Comment by epolanski
8 hours ago
One major part of successful LLM-assisted coding is to not focus on code vomiting but scaffolding.
Document, document, document: your architecture, best practices, preferences (both about code and how you want to work with the LLM and how do you expect it to behave it).
It is time consuming, but it's the only way you can get it to assist you semi-successfully.
Also try to understand that LLM's biggest power for a developer is not in authoring code as much as assistance into understanding it, connecting dots across features, etc.

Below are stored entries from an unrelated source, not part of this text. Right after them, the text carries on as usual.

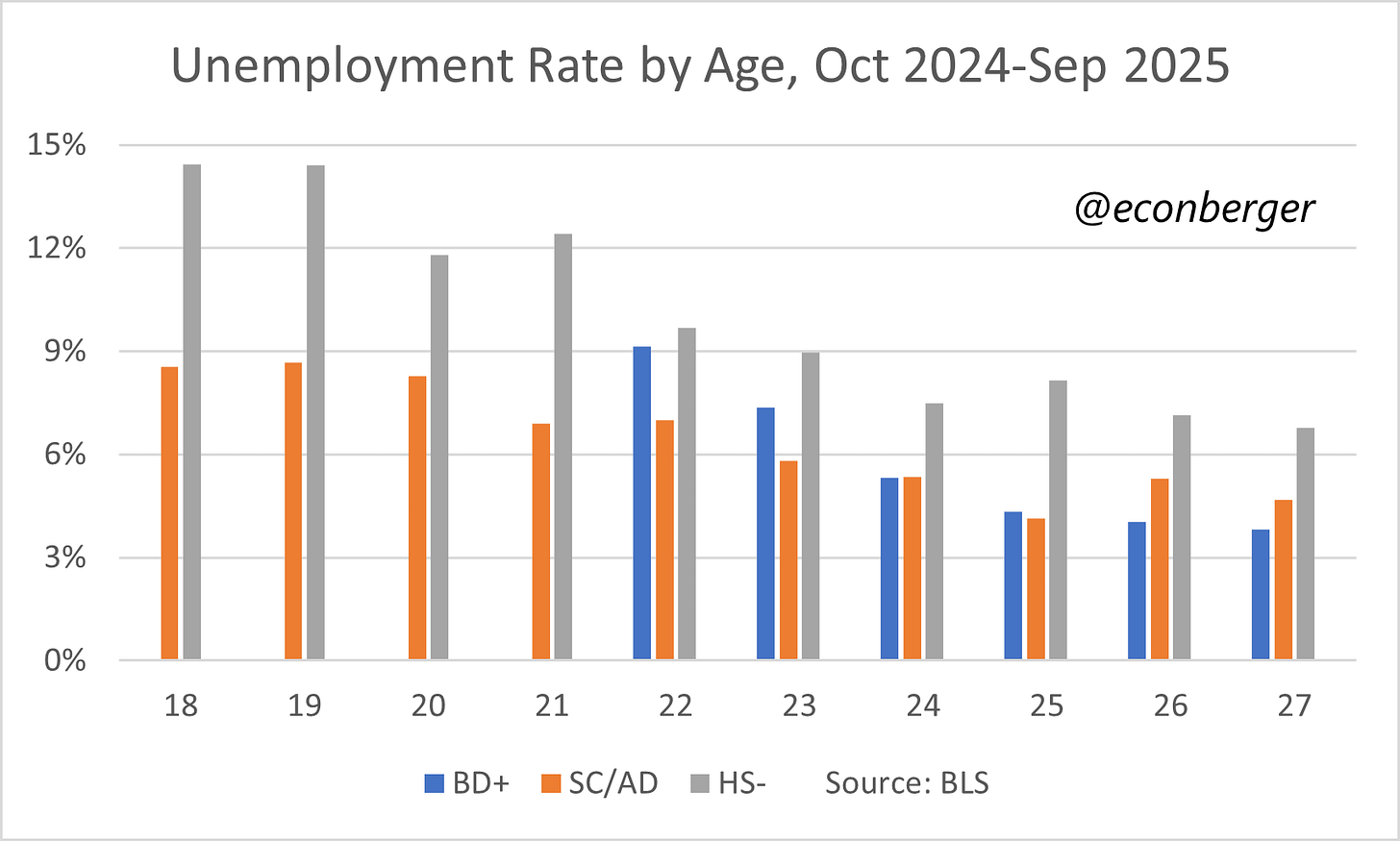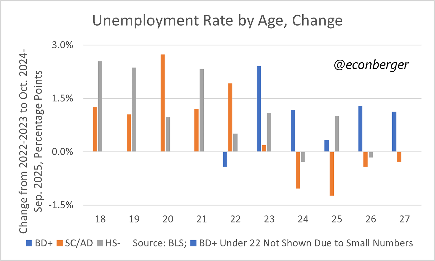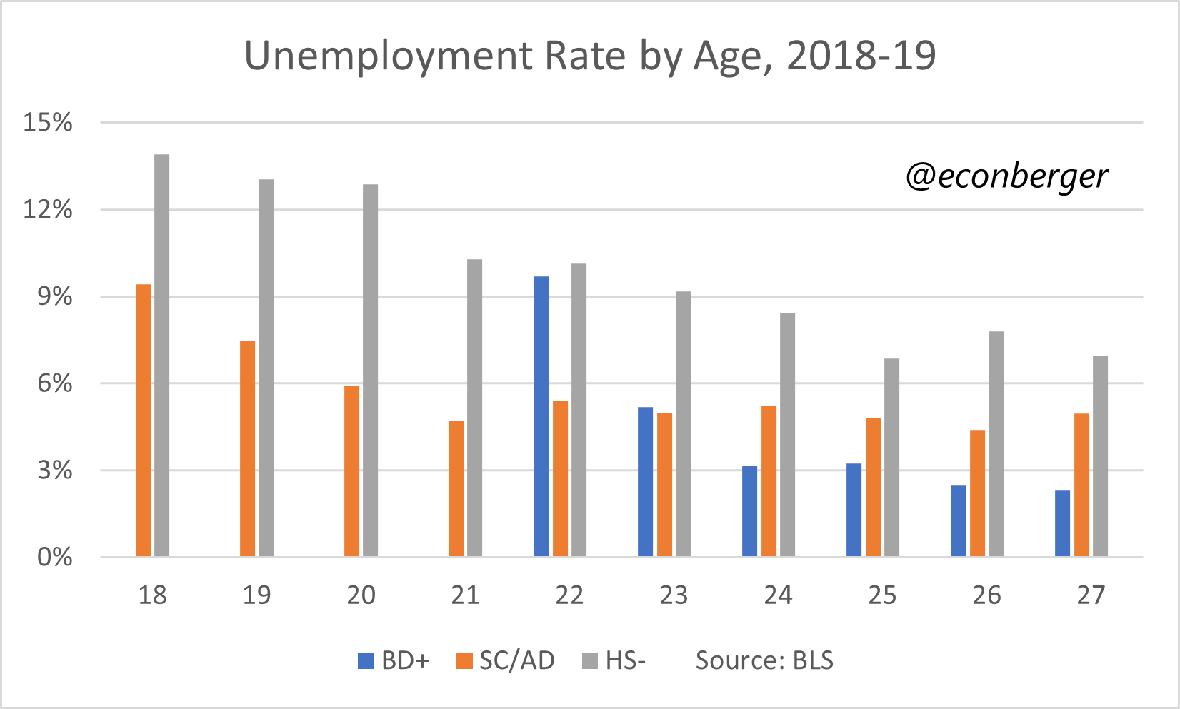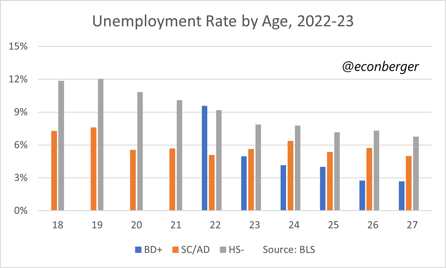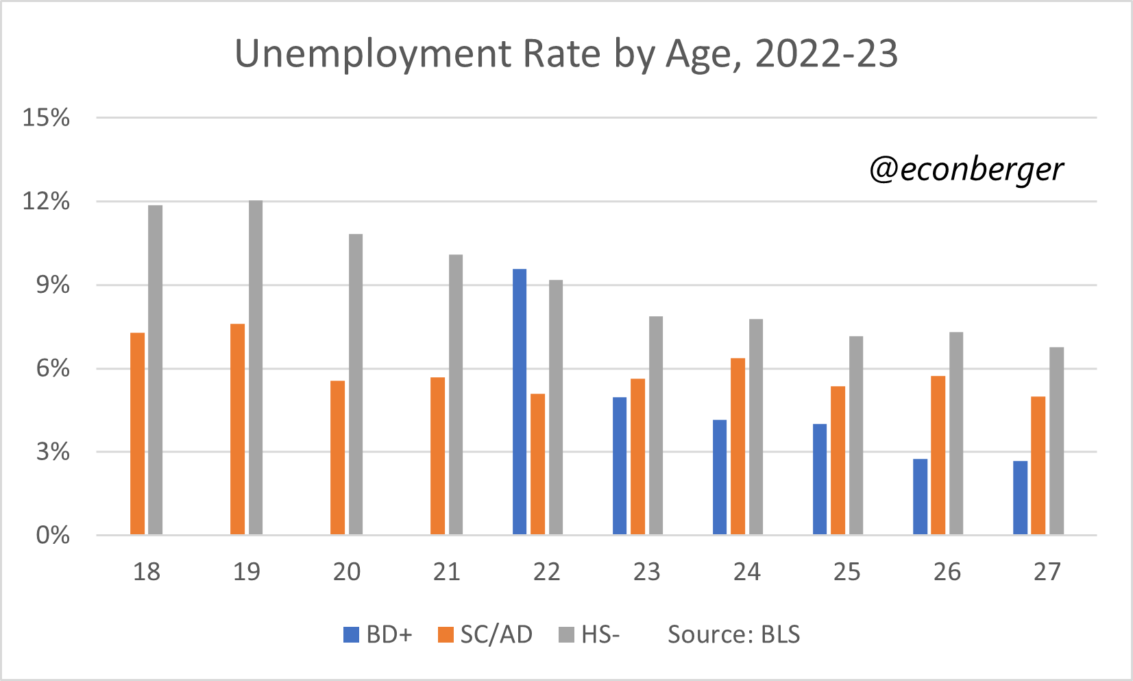 But that increase has not been uniform. For people without a college degree, unemployment rates have risen a fair amount for ages 18-22; for people with a college degree, the effect happens from ages 23 onward.2
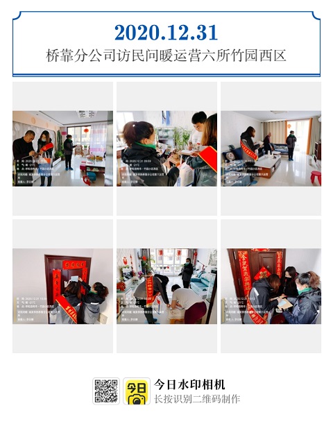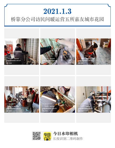 2020年12月31日、2021年1月3日,桥靠分公司“访民问暖”小组走访竹园西区小区和嘉友城市花园小区,共走访用户46户,其中到访不遇15户,现场解决不热问题9户。
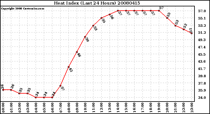 Milwaukee Weather -- 20080415 Heat Index (Last 24 Hours) -- From curtronics.com by Curt Blank
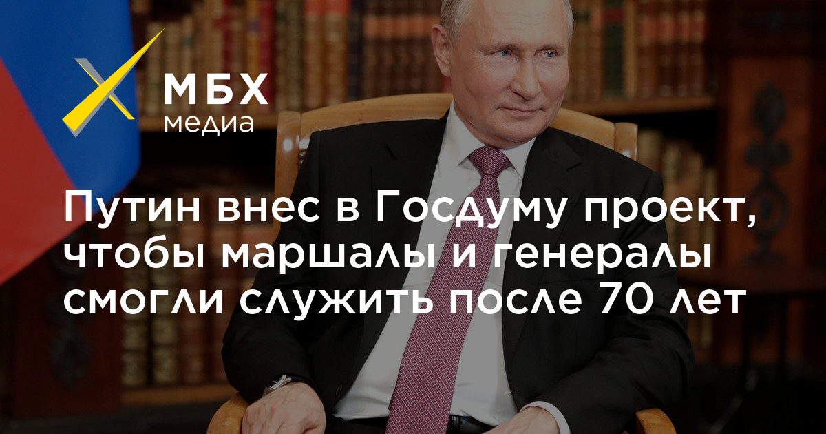 Президент Владимир Путин внес в Госдуму законопроект, по которому он сможет увеличивать предельный возраст пребывания на военной службе для маршалов, генералов армии и адмиралов флота, сообщает ТАСС.
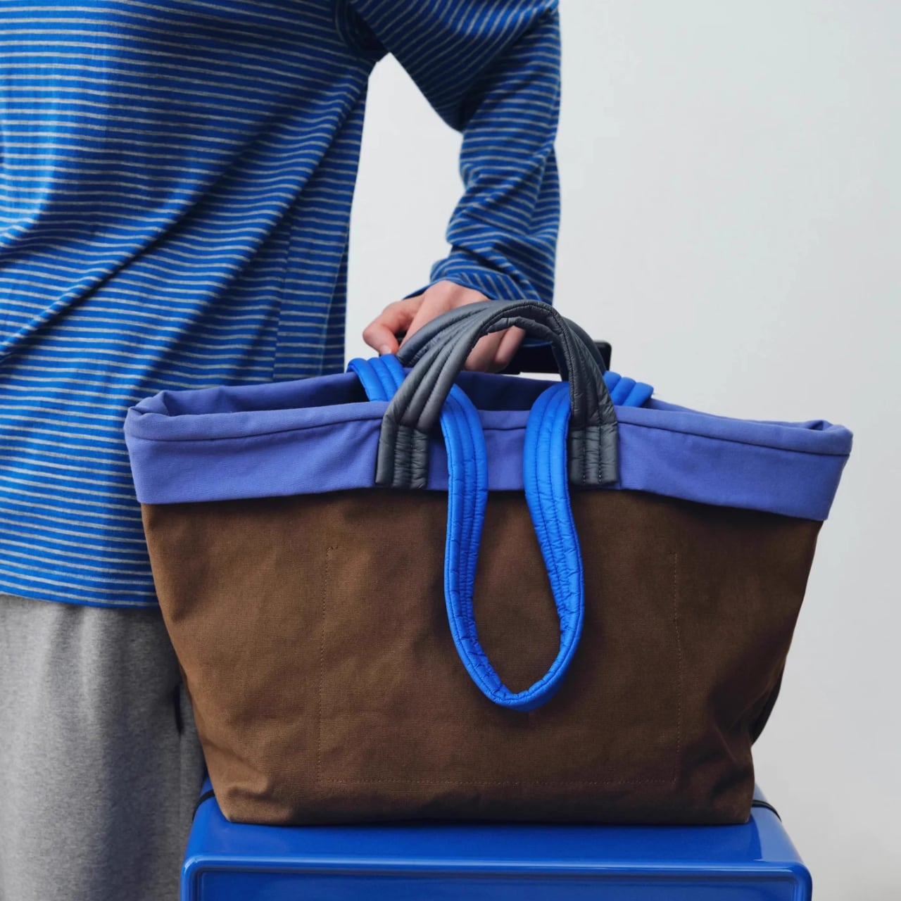 バイカラートートバッグ。通勤・通学から、お買い物、旅行まで幅広いシーンで活躍します。
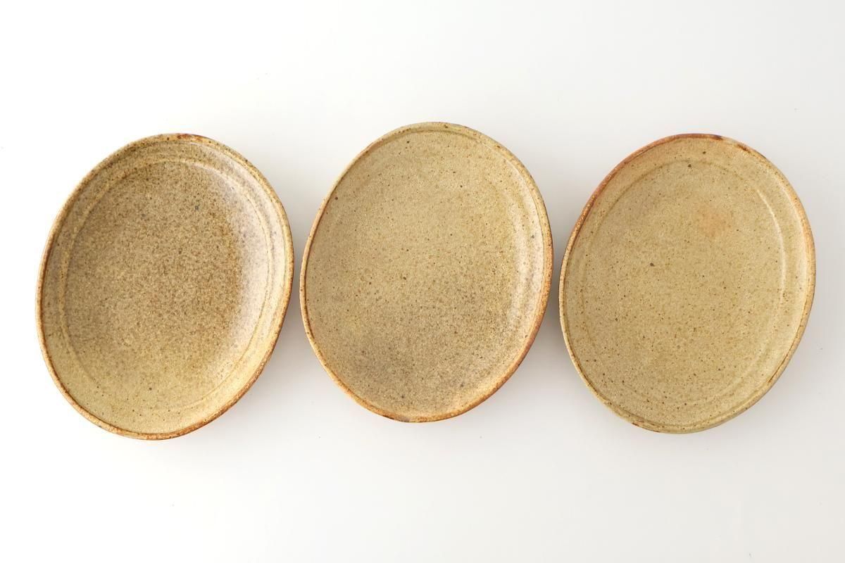 ブラウンとイエロー系のグラデーションカラーが、お月さまを思わせるようなオーバル皿です。

If your expectation is to launch it in a project and tell it "do X, do Y" without the very much needed scaffolding you'll very quickly start losing the plot and increasing the mess. Sure, it may complete tasks here and there, but at the price of increasing complexity from which it is difficult for both you and it to dig out.
Most AI naysayers can't be bothered with the huge amount of work required to setup a project to be llm-friendly, they fail, and blame the tool.
Even after the scaffolding, the best thing to do, at least for the projects you care (essentially anything that's not a prototype for quickly validating an idea) you should keep reading and following it line by line, and keep updating your scaffolding and documentation as you see it commit the same mistakes over and over. And part of scaffolding requires also to put the source code of your main dependencies. I have a _vendor directory with git subtrees for major dependencies. LLMs can check the code of the dependencies, the tests, and figure out what they are doing wrong much quicker.
Last but not least, LLMs work better with certain patterns, such as TDD. So instead of "implement X", it's better to "I need to implement X, but before we do so, let's setup a way for testing and tracking our progress against". You can build an inspector for a virtual machine, you can setup e2es or other tests, or just dump line by line logs in some file. There's many approaches depending on the use case.
In any case, getting real help for LLMs for authoring code (editing, patching, writing new features) is highly dependent on having good context, good setup (tests, making it write a plan for business requirements and one for implementation) and following and improving all these aspects as you progress.
I agree to an extent
My project is quite well documented and I created a Prompt a while back along with some mermaid diagrams
https://github.com/tomaytotomato/location4j/tree/master/docs
I can't remember the exact prompt I gave to the LLM but I gave it a Github issue ticket and description.
After several iterations it fixed the issue, but my unit tests failed in other areas. I decided to abort it because I think my opinionated code was clashing with the LLM's solution.
The LLM's solution would probably be more technically correct, but because I don't do l33tcode or memorise how to implement Trie or BST my code does it my way. Maybe I just need to force the LLM to do it my way and ignore the other solutions?